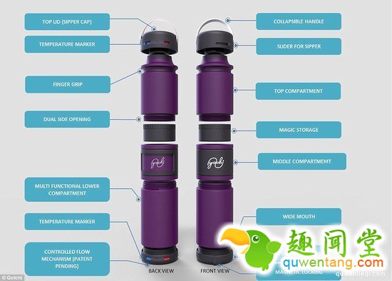 据英国《每日邮报》报道,美国芝加哥一发明团队设计了一款名为“Golchi”的智能运动水杯,不同于单功能普通水杯,它的功能特性多达15种。
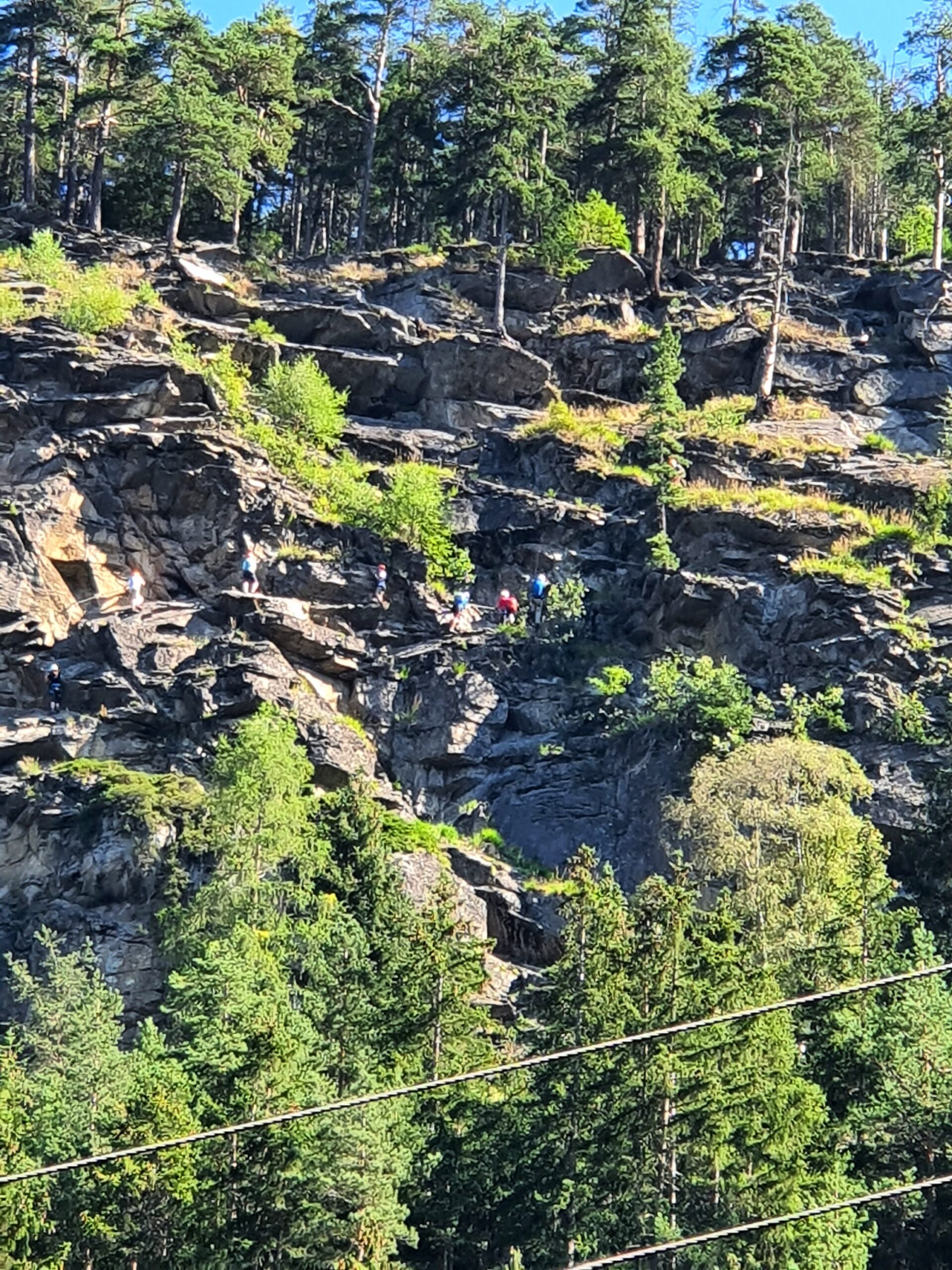 A via ferrata is a climbing route that employs steel cables, rungs or ladders, fixed to the rock to which the climbers affix a harness with two leashes, which allows the climbers to secure themselves to the metal fixture and limit any fall. The cable and other fixtures, such as iron rungs (stemples), pegs, carved steps, and ladders and bridges, provide both footings and handholds, as well. This allows climbing on otherwise dangerous routes without the risks of unprotected scrambling and climbing or the need for technical climbing equipment. They expand the opportunities for accessing difficult peaks as an alternative to rock climbing and mountaineering, both of which require higher skills and more specialized equipment. (Wikipedia)
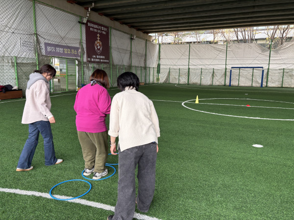 -달리기, 모자 씌우기, 지그재그 달리기 등 몸풀기
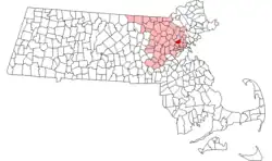 Localisation sur la carte de Massachusetts
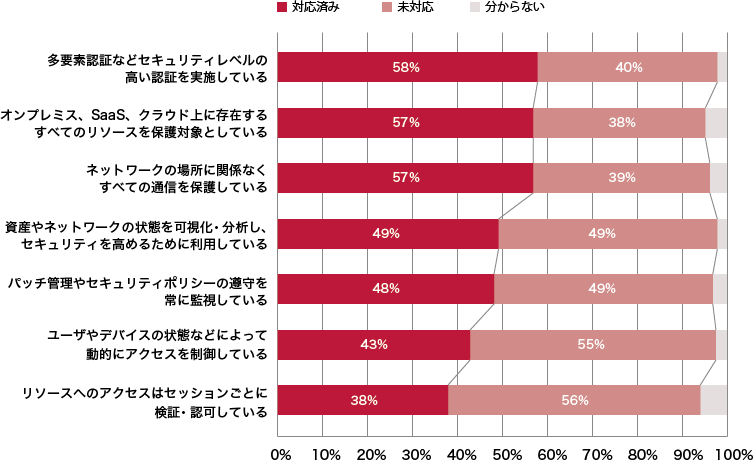 約半数の企業がゼロトラスト対応着手も、動的なアクセス制御やセッション毎の検証・認可が課題
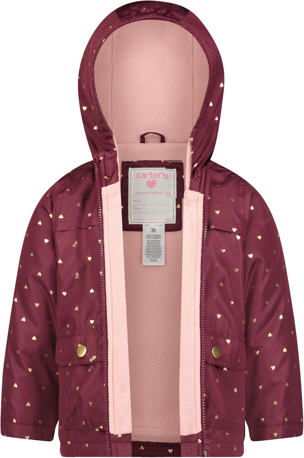 Carter’s girls Girls Midweight Winter Jacket, Warm, Hooded, Water-resistant Winter Coat(Burgundy With Hearts)
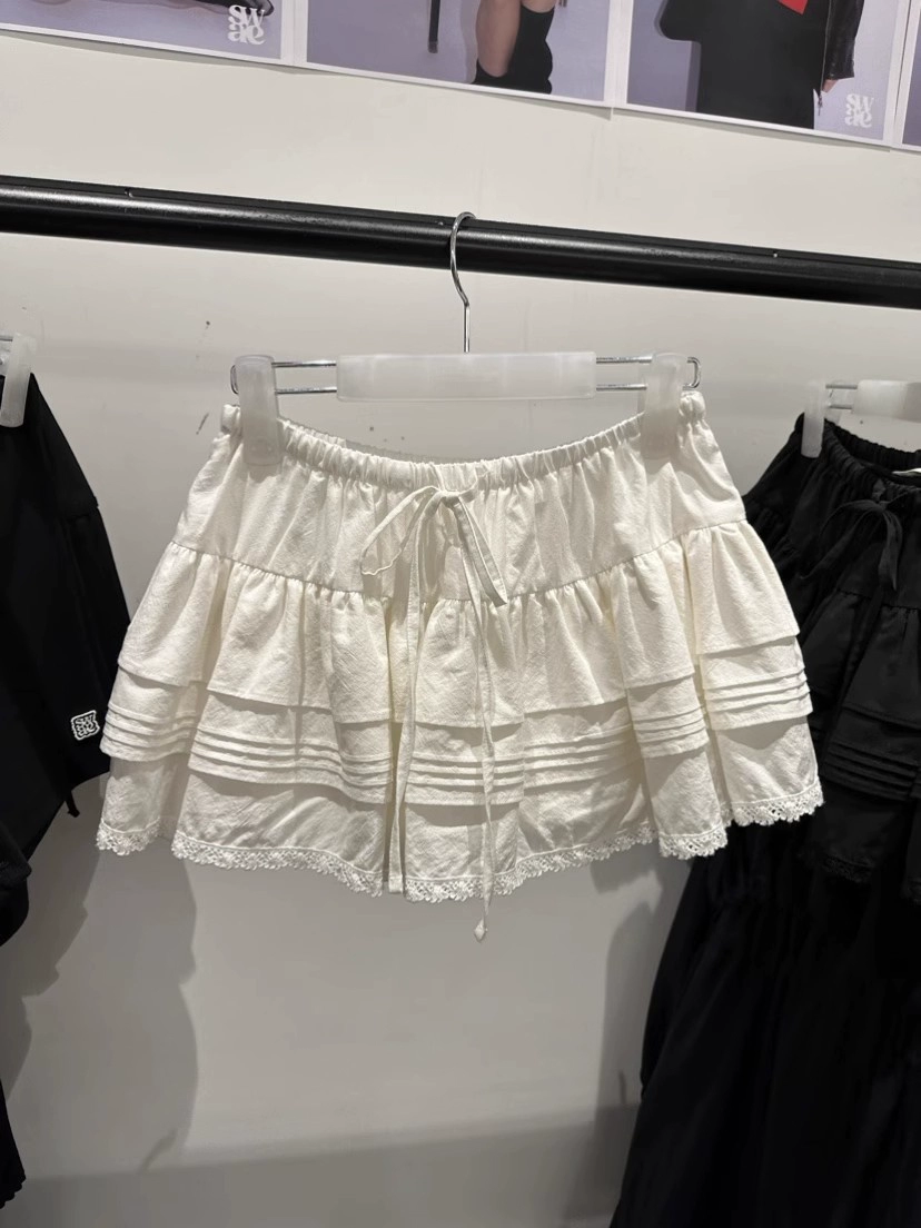 Dongdaemun Summer Elastic Lace Short Skirt Drawstring
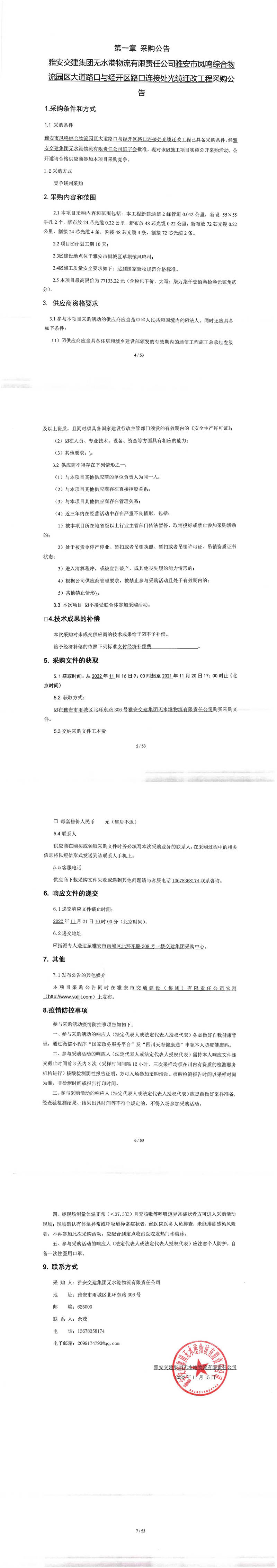 雅安交建集團無水港物流有限責任公司雅安市鳳鳴綜合物流園區(qū)大道路口與經開區(qū)路口連接處光纜遷改工程采購公告
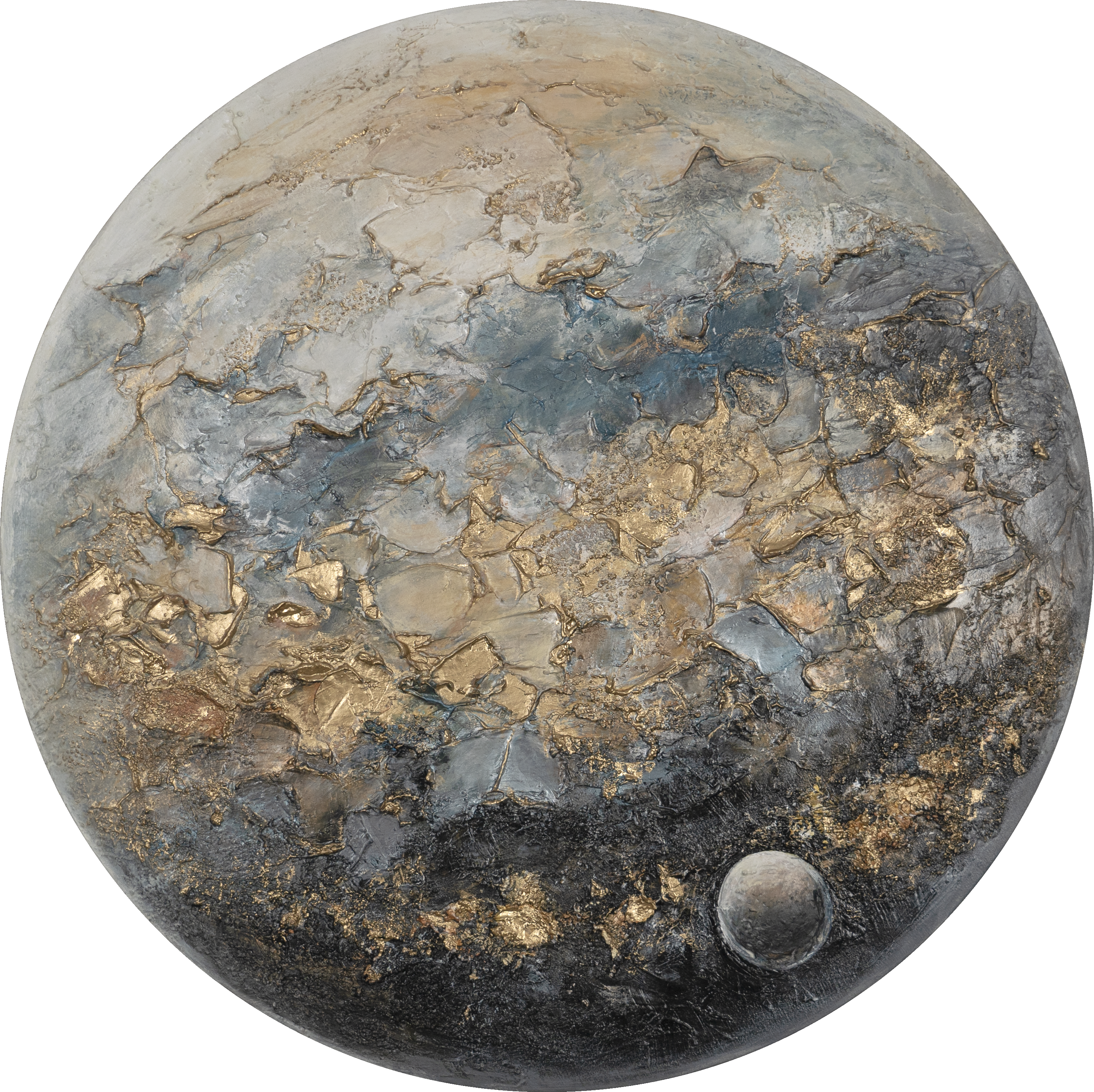 "Orbis" vereint moderne Ästhetik und künstlerische Handwerkskunst. Das handgemalte Acrylgemälde in Planetform strahlt Eleganz aus und eignet sich hervorragend, um Wohnzimmer, Schlafzimmer oder Büros mit einem inspirierenden Highlight zu bereichern.
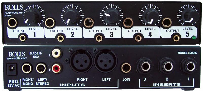 The RA53b er en kraftig hodetelefonforsterker med fem utganger for 1/4” og 1/8” (3,5mm) hodetelefoner og øretelefoner. To RA53b-enheter kan kobles sammen og monteres side om side i en universell racktray for totalt 10 utganger.
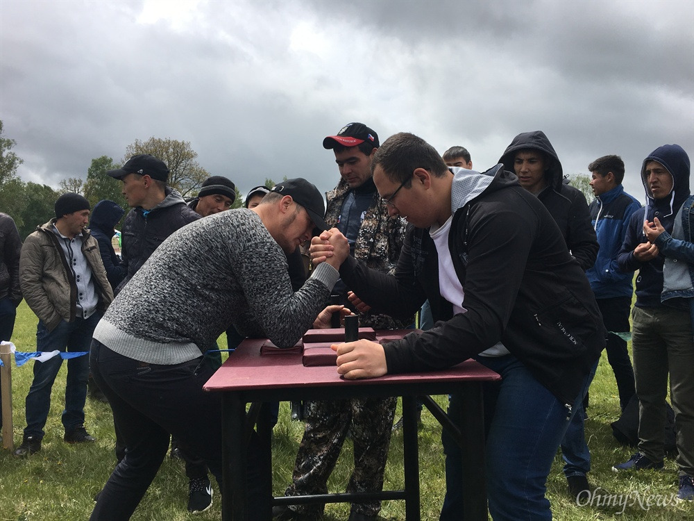 우리나라의 '씨름'과 비슷한 경기 '쿠레시(Куреш)'도 눈길을 끌었다. 상대방을 바닥에 먼저 눕히면 점수를 딴다. 4점을 먼저 따는 사람이 이기는데, 50kg대, 60kg대 등 10kg 단위의 체급 경기가 먼저 열린다. 마지막에는 체급별 우승자들이 겨뤄 최종 우승자를 가린다. 우리나라 씨름으로 치자면 한라장사와 백두장사 등을 먼저 뽑고, 마지막에 천하장사를 뽑는 셈이다. 쿠레시 최종 우승자에게는 양 한 마리가 부상으로 주어진다.
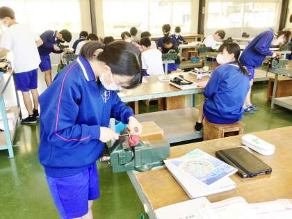 22学級は、技術の「金属加工〜キーホルダー制作〜」の授業の様子です。棒やすりや紙やすりを使って削ったり、ピカール液で磨いたりと、完成に向けて集中して取り組んでいました。来週には、作品を持ち帰ると思います。一生懸命作った作品をご家庭でご覧いただければと思います。
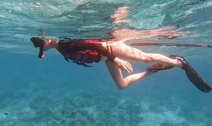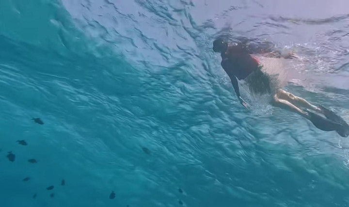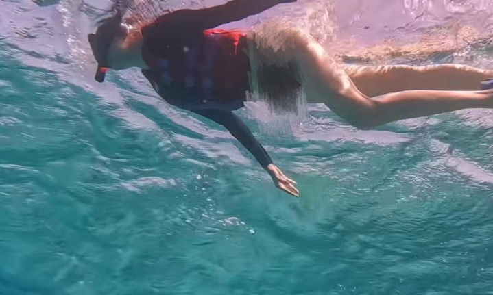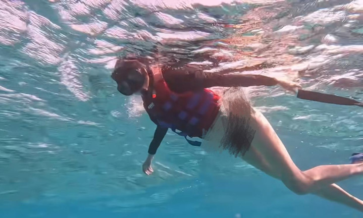 关晓彤在当地工作人员的陪同下体验潜水,她装备齐全安全下潜,在水中畅游很是惬意。 马尔代夫的海水特别透彻,阳光直接穿透海水到达底部,朵朵珊瑚如花朵一样在海底绽放,关晓彤在距离水面的地方从上往下欣赏,所有美色全部都收入眼中。
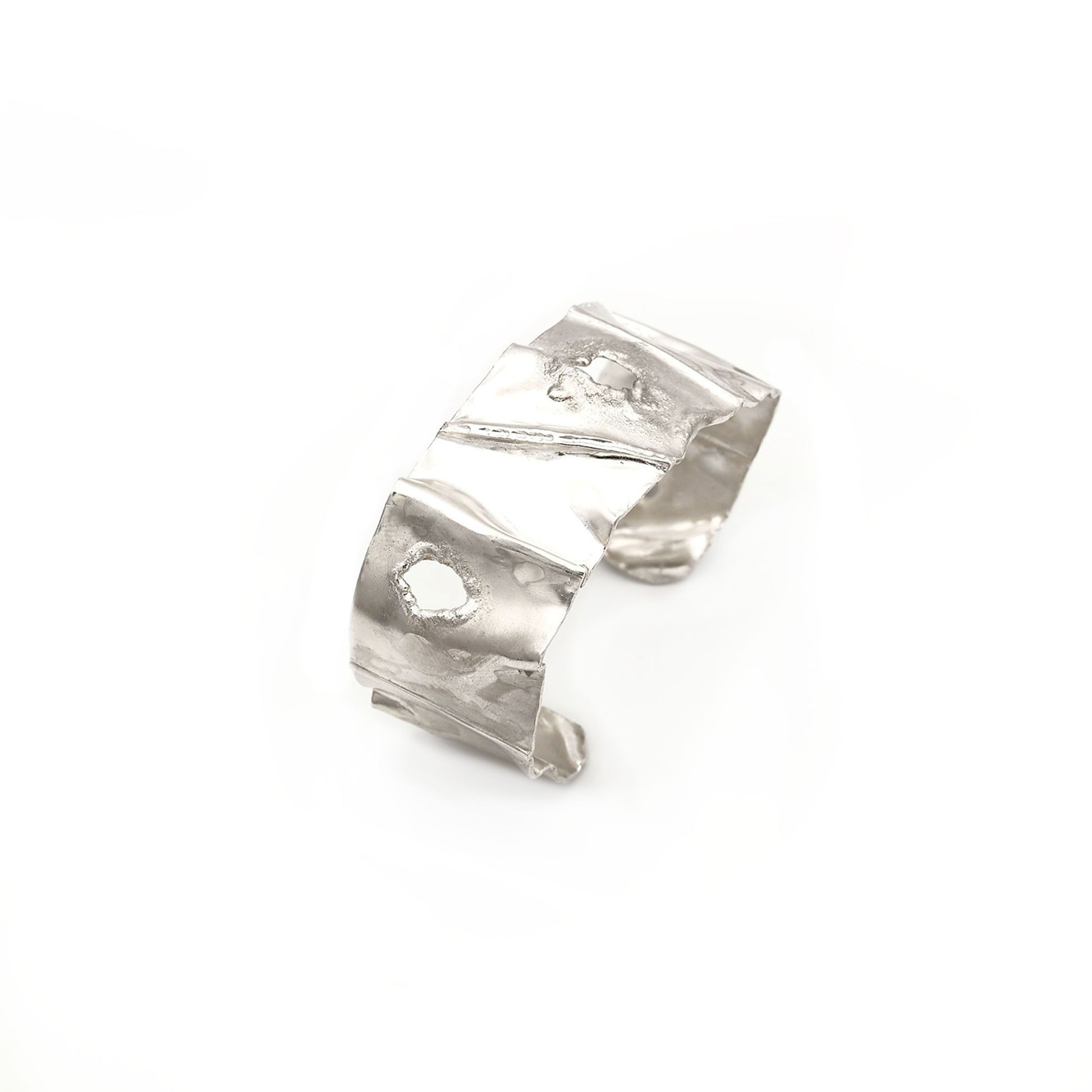 Sterling silver bracelet made using fold form technique creates a unique, sculptural piece.

_WORK TO BE COMPLETED_
In the records above, locate the line with "The RA53b er"; output it and each line after it through the last one, exactly, omitting pictures.

_RESPONSE BELOW_
 The RA53b er en kraftig hodetelefonforsterker med fem utganger for 1/4” og 1/8” (3,5mm) hodetelefoner og øretelefoner. To RA53b-enheter kan kobles sammen og monteres side om side i en universell racktray for totalt 10 utganger.
 우리나라의 '씨름'과 비슷한 경기 '쿠레시(Куреш)'도 눈길을 끌었다. 상대방을 바닥에 먼저 눕히면 점수를 딴다. 4점을 먼저 따는 사람이 이기는데, 50kg대, 60kg대 등 10kg 단위의 체급 경기가 먼저 열린다. 마지막에는 체급별 우승자들이 겨뤄 최종 우승자를 가린다. 우리나라 씨름으로 치자면 한라장사와 백두장사 등을 먼저 뽑고, 마지막에 천하장사를 뽑는 셈이다. 쿠레시 최종 우승자에게는 양 한 마리가 부상으로 주어진다.
 22学級は、技術の「金属加工〜キーホルダー制作〜」の授業の様子です。棒やすりや紙やすりを使って削ったり、ピカール液で磨いたりと、完成に向けて集中して取り組んでいました。来週には、作品を持ち帰ると思います。一生懸命作った作品をご家庭でご覧いただければと思います。
 关晓彤在当地工作人员的陪同下体验潜水,她装备齐全安全下潜,在水中畅游很是惬意。 马尔代夫的海水特别透彻,阳光直接穿透海水到达底部,朵朵珊瑚如花朵一样在海底绽放,关晓彤在距离水面的地方从上往下欣赏,所有美色全部都收入眼中。
 Sterling silver bracelet made using fold form technique creates a unique, sculptural piece.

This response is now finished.